Emanuela Di Matteo Libri Gen 30th, 2022 0 Comment

Con l’ironia che lo contraddistingue, qui all’ennesima potenza, dileggiando le varie categorie umane e una descrizione dei luoghi maniacale, quasi volesse guidare il lettore lungo il cammino di una mappa immaginaria, dare una base concreta e più che mai fisica all’immaginazione, H. G. Wells pubblica nel 1904: The Food of Gods and How it came to Earth, ovvero Il Cibo degli dei.
Degli scienziati da strapazzo, molto poco divini, immersi nella loro inconsapevole mediocrità, sintetizzano l’ormone della crescita e ne creano un alimento, senza avere bene un’idea dello scopo e delle applicazioni – figuriamoci delle conseguenze future – della loro scoperta. Il principio ci viene spiegato sulle pagine del romanzo tramite dei grafici elementari.

“E’ uno che non ha mai capito niente. Da studente, fu questa la sua caratteristica esasperante. Niente. Ha superato tutti gli esami, tutte le prove, con la stessa partecipazione e lo stesso bagaglio di nozioni d’uno scaffale girevole contenente l’Enciclopedia del “Times”. Non capisce niente neanche adesso. … E’ completamente sprovvisto di immaginazione e, quindi, incapace di conoscenza”

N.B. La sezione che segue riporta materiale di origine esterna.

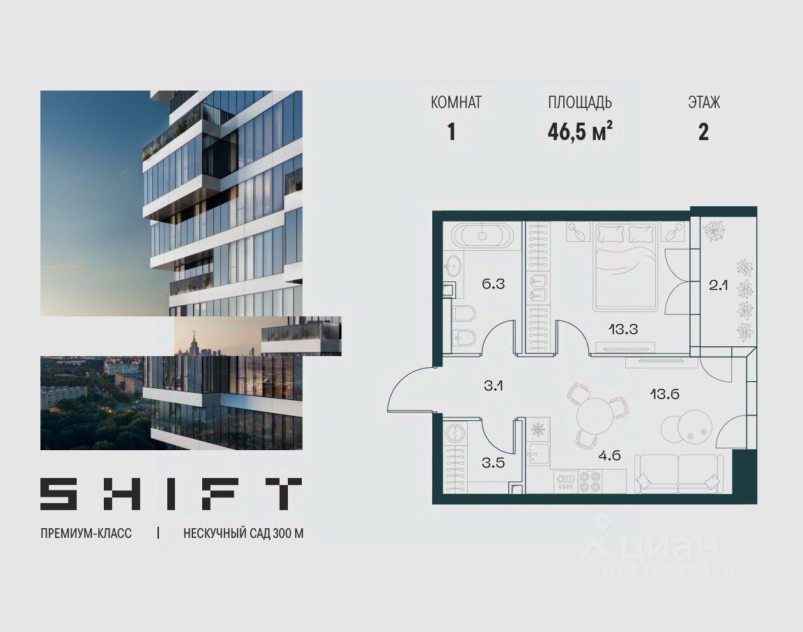1-к квартира в премиальном комплексе SHIFT на 2-м этаже в 18 этажном здании. Общая площадь 46.5 кв. м.
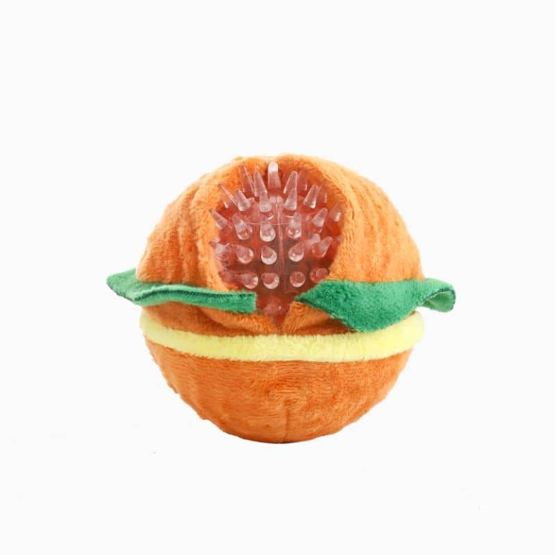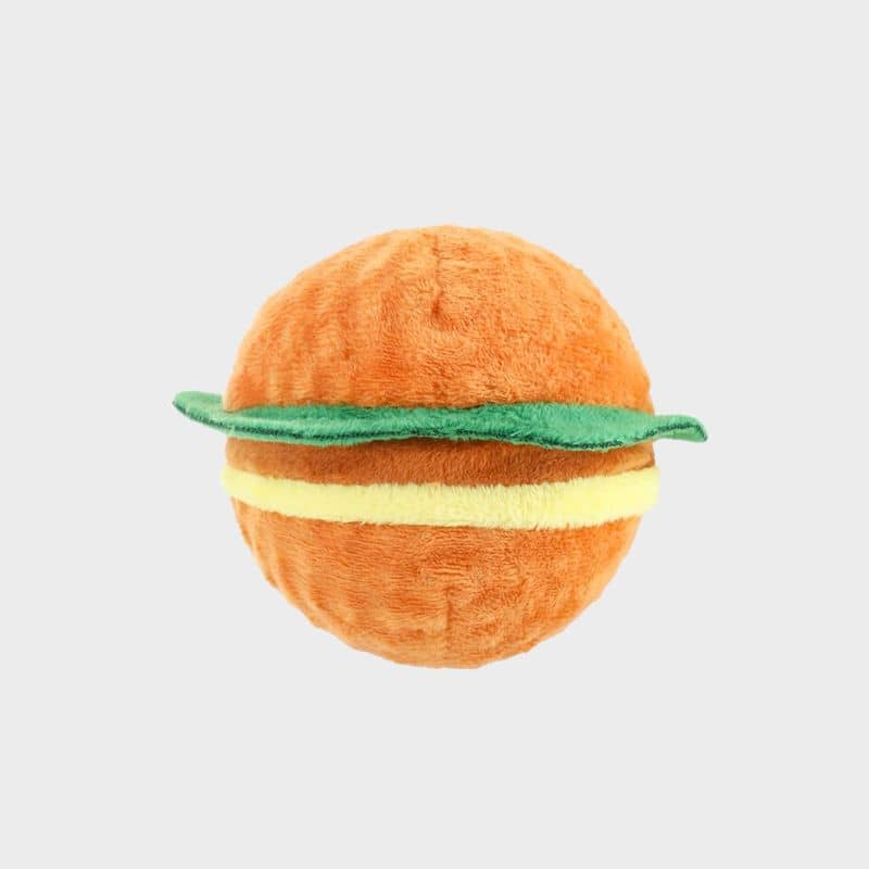 PELUCHE AVEC BALLE POUR CHIEN – HAMBURGER 🍔

Uno di loro, Bensington, non potendo fare esperimenti con animali in casa, causa divieti familiari, mette su un capannone, assolda una coppia di vecchi che iniziano a nutrire alcuni pulcini con il promettente Herakleophorbia, dal nome di Eracle, dio della forza fisica. Ma l’igiene lascia a desiderare, la polverina non è ben custodita e inizia a generare vespe e topi giganti, e questo sarà solo l’inizio… Mentre un pulcinone di 2 metri afferra un bambino per la strada come fosse un verme e scappa, gli scienziati, ognuno per conto proprio, iniziano a nutrire i loro figli neonati con questo alimento.

Il cibo degli dei di Bert I. Gordon, 1976

Di certo, agli inizi del secolo, quando ancora rachitismo e malattie varie affliggevano l’infanzia, l’idea della grossezza era associata alla buona salute ed avere un pupone era considerata una fortuna. In modo in parte incosciente, in parte allineato ad un’utopia di grandezza ben più alta ed elettiva che poi prenderà via forma verso la seconda parte del romanzo, padri e nonne iniziano a nutrire i loro bambini con quello che poi sarà chiamato dalla stampa mondiale : cibo boom. Non si può assolutamente interrompere la somministrazione dell’alimento, che porta assuefazione, o il soggetto rischia il collasso e la morte.
Il Cibo degli dei inizia come un romanzo fantastico di avventura che anticipa tutti i mostri giganti che letteratura e cinema dagli anni 50 in poi non mancheranno di mostrare, tra poveri malcapitati uccisi da scarabei alti tre metri, infilzati, mangiati a morsi da topi grandi come tirannosauri, o anche solo inorriditi da piante rampicanti gigantesche che aspirano a toccare le vette celesti.
Il cinema si è occupato di questo romanzo solo toccandone gli aspetti meno interessanti e più superficiali; l’ultima nel 1976, con un film omonimo per la regia di Bert I. Gordon. Si tratta della seconda pellicola di una trilogia di opere prodotte dalla American International Pictures e ispirate ai romanzi di H. G. Wells, che comprende anche i film L’isola del dottor Moreau e L’impero delle termiti giganti.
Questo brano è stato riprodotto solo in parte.